With the last recreational dry suit student I taught, we zeroed in his weight so well that he found no need to put any air in his wing. Once he had the proper amount of air in the suit at depth, he was neutrally buoyant. All he had to do was roughly maintain that proper amount of air to maintain that good buoyancy control. I just did a pool session with him a couple of hours ago. He is now starting technical instruction, and he was wearing double steel 85s with his dry suit. That's a different situation, and he had to use both the wing and the dry suit to maintain his buoyancy because of the extra weight.

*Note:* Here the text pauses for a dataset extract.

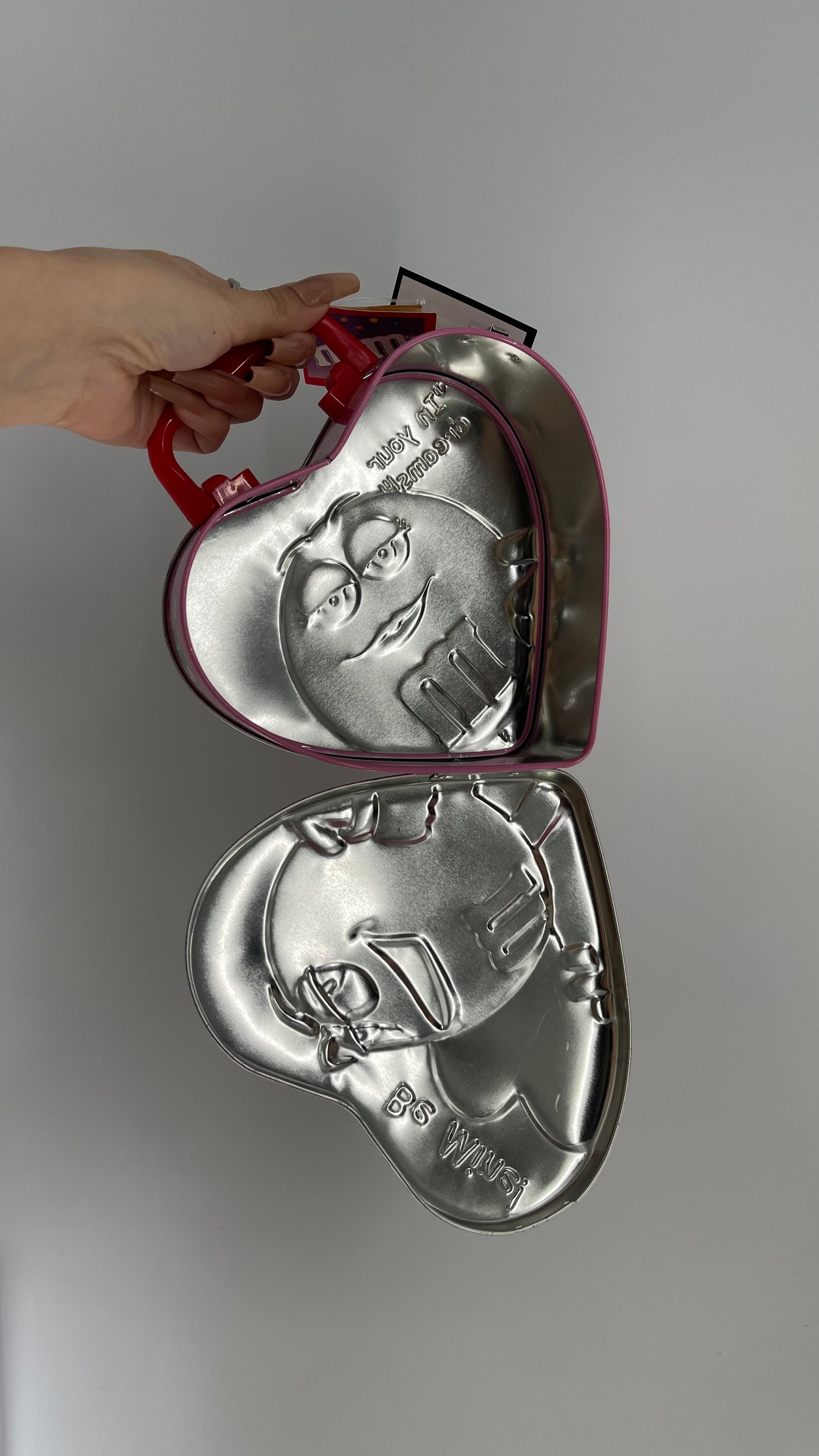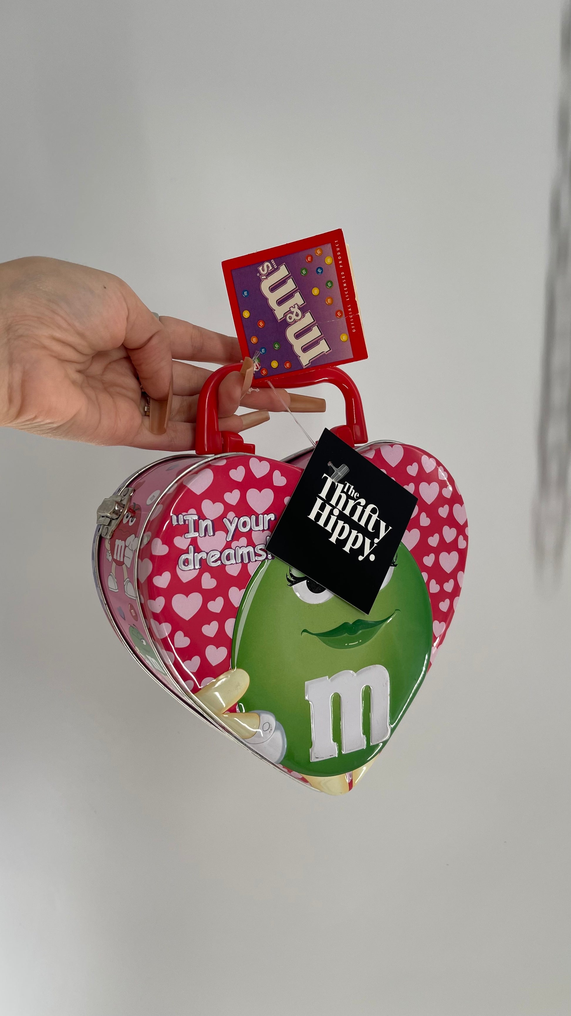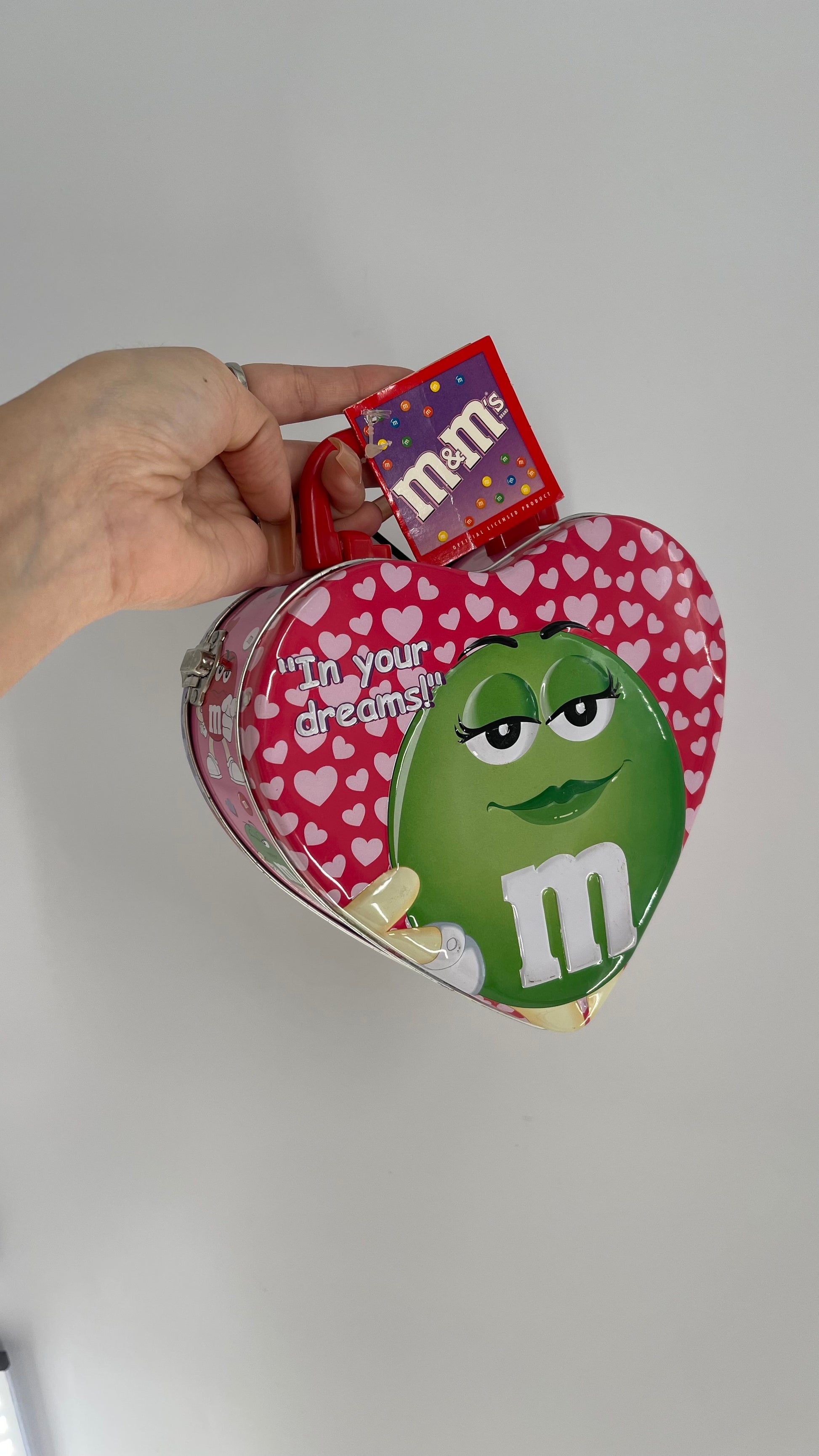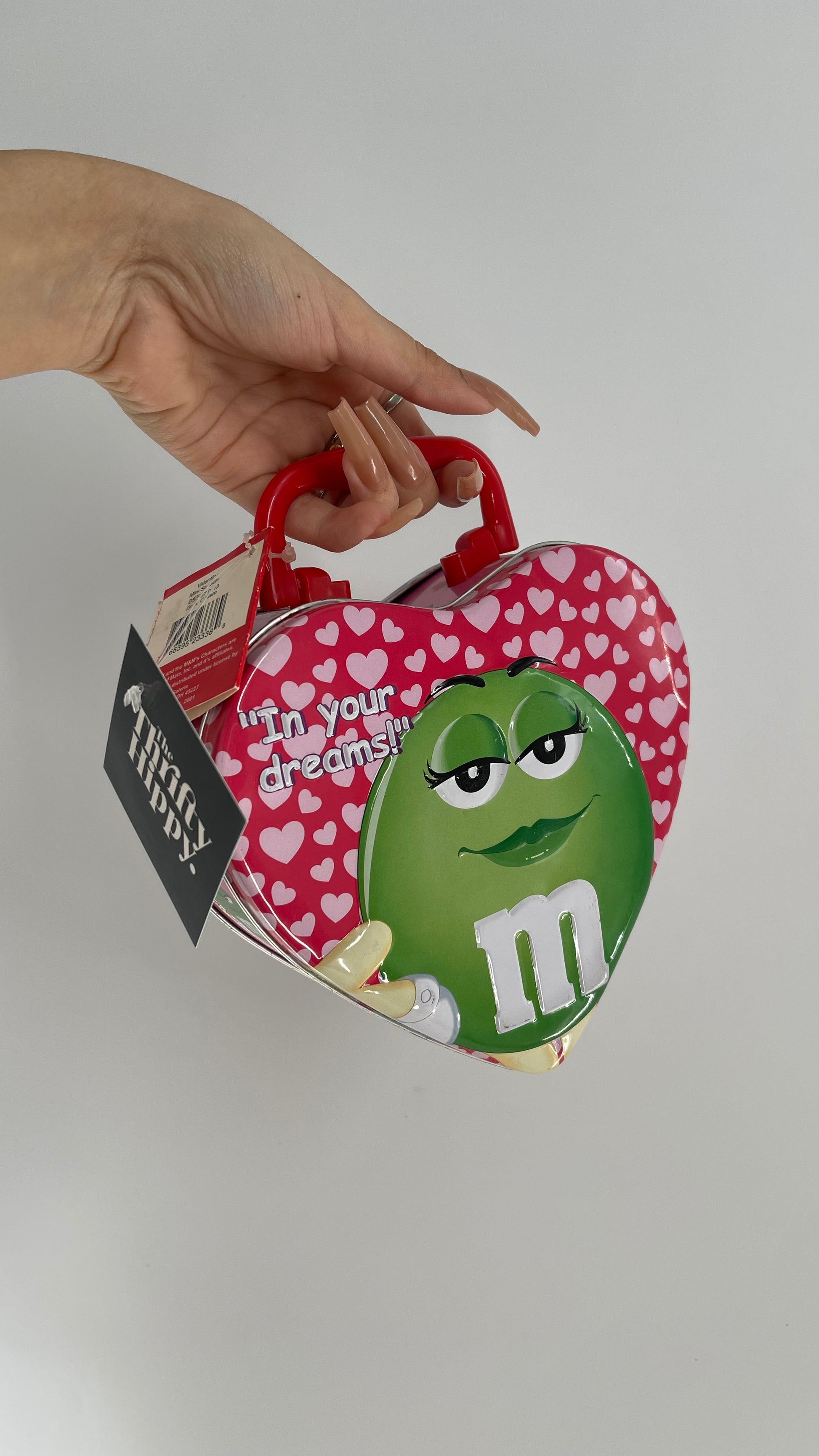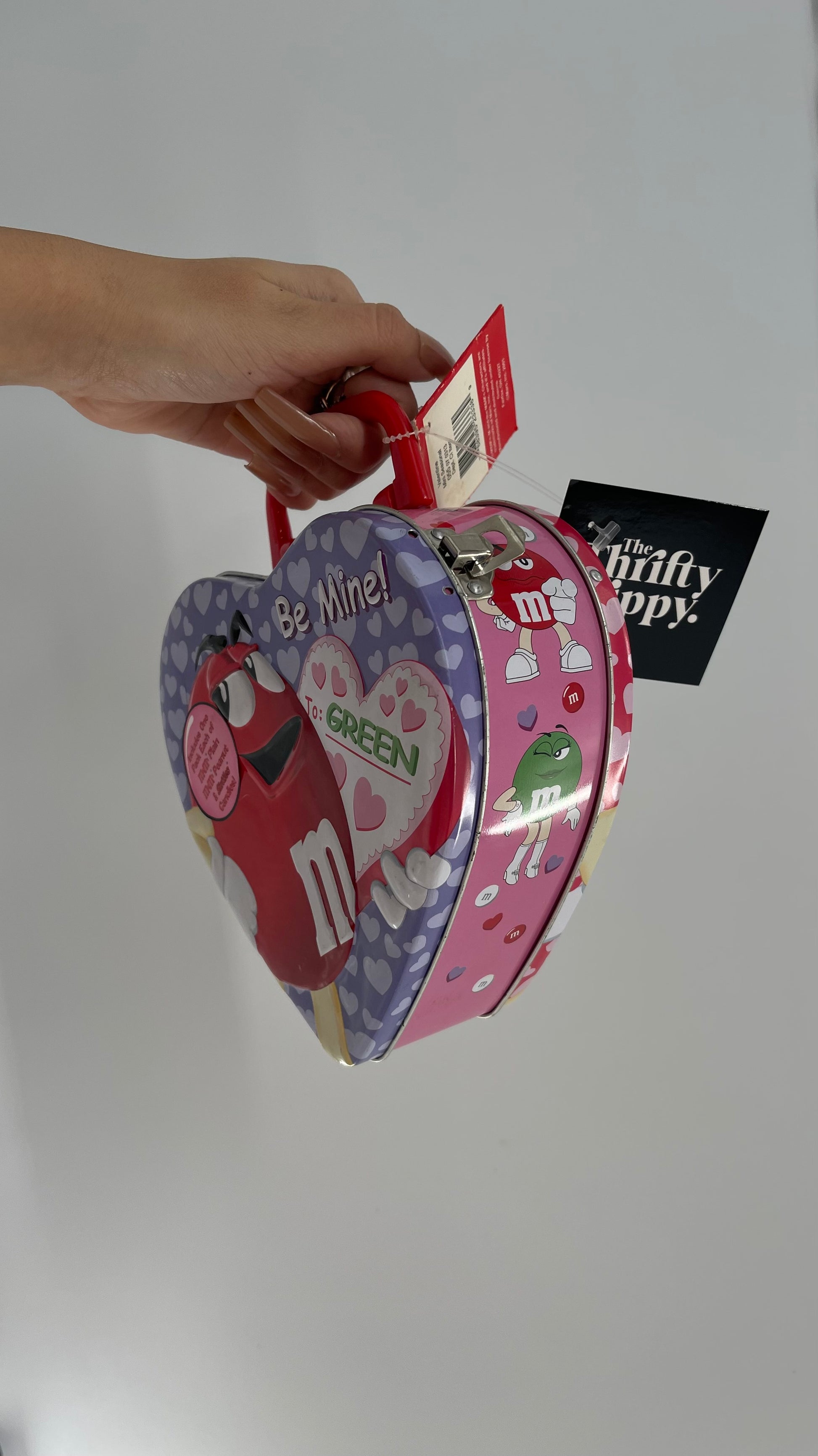 Deadstock Vintage M&M Tin Heart Shaped Lunch Box with “Be Mine” and “In Your Dreams” Embossed

A properly weighted, single tank diver should not have a need for much air (if any) in the wing. If you have a properly inflated suit and still have enough air in the wing to be using that as your primary buoyancy control, then I would suggest you might be overweighted.
 
Dhboner, that's the method I use if it's cold water, enough air to get comfortable, then wing for the rest, often times that may be more than is actually needed but I'm comfy and the unfortunate effect of that is having less air in the suit at the end of the dive than you do at the beginning of the dive, which is the opposite of what I want in cold water. In warm water it is always just enough to offset the squeeze and wing for the rest.

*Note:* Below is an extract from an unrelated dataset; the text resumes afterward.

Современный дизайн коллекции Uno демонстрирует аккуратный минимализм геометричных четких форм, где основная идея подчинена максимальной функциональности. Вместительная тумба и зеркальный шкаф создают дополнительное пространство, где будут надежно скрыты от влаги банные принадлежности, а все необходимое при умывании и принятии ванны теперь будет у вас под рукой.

My issue is really in advocating using it for primary buoyancy. BC's do two things, they offset the weight of the gas you are breathing during the dive, and they offset any change in buoyancy from the exposure suit. Even though an al80 is only about 6lbs of air when it is full, and is inconsequential for the recreational diver, what happens when that diver goes to an E8-130 and all of a sudden has 10+lbs of air he is offsetting or to doubles and then has to learn a new method for controlling buoyancy.

Ken, I use the suit to control trim all the time, being able to pack air in your feet is one of the wonders of drysuits, but I am bloody miserable if I have too much air in my legs and have to move around. I'm not saying you should only put enough air in to offset the squeeze, that is practical for warm ish dives, but once you're below 60f or so you need more air in their for thermal protection. Put enough in until your comfortable and take up the slack with the wing. I disagree with the statement, but for a non-training agency to be giving training advice is my issue. If they had stated, "put as much air in the suit as you need to stay comfortable" that would have been fine, but with the ever progressing amount of high volume steel bottles in the recreational market, 6lbs in al80 or LP72 is a lot different than 11lbs in a 130.
 
I think there is a problem with terminology here.
In my opinion, dry suits should not be used for buoyancy control. Of course that, as they require air inside to be comfortable and to insulate, they will affect buoyancy. And it is usual that for recreational divers, the amount of air inside a suit so that it's comfortable is also very close to the amount of air needed for buoyancy. But this is a secondary effect, it shouldn't be said the suit is being used for buoyancy, the suit is what it is.
Using the suit for buoyancy means to go over what is needed for comfort and insulation, specifically to offset our weight in the water. That's using the suit not for its main purpose and in a suboptimal way that can cause other problems.
The contrary can be done though, when the BCD is already empty and the diver is still light, removing air from the suit becomes a means to control buoyancy, but it's preferable to be properly weighted and not have to be squeezed :)
 
As I personally found out not long ago, it really makes a lot of sense to have a redundant source of negative buoyancy... and some even argue it is warmer this way... so, I am definitely putting more air into my drysuit than just to avoid the squeeze.
 
A properly weighted, single tank diver should not have a need for much air (if any) in the wing. If you have a properly inflated suit and still have enough air in the wing to be using that as your primary buoyancy control, then I would suggest you might be overweighted.

I dive with an HP120 and see almost a 9 lb swing from full to 'on-the-boat' That is a lot of air in a suit, no thank you.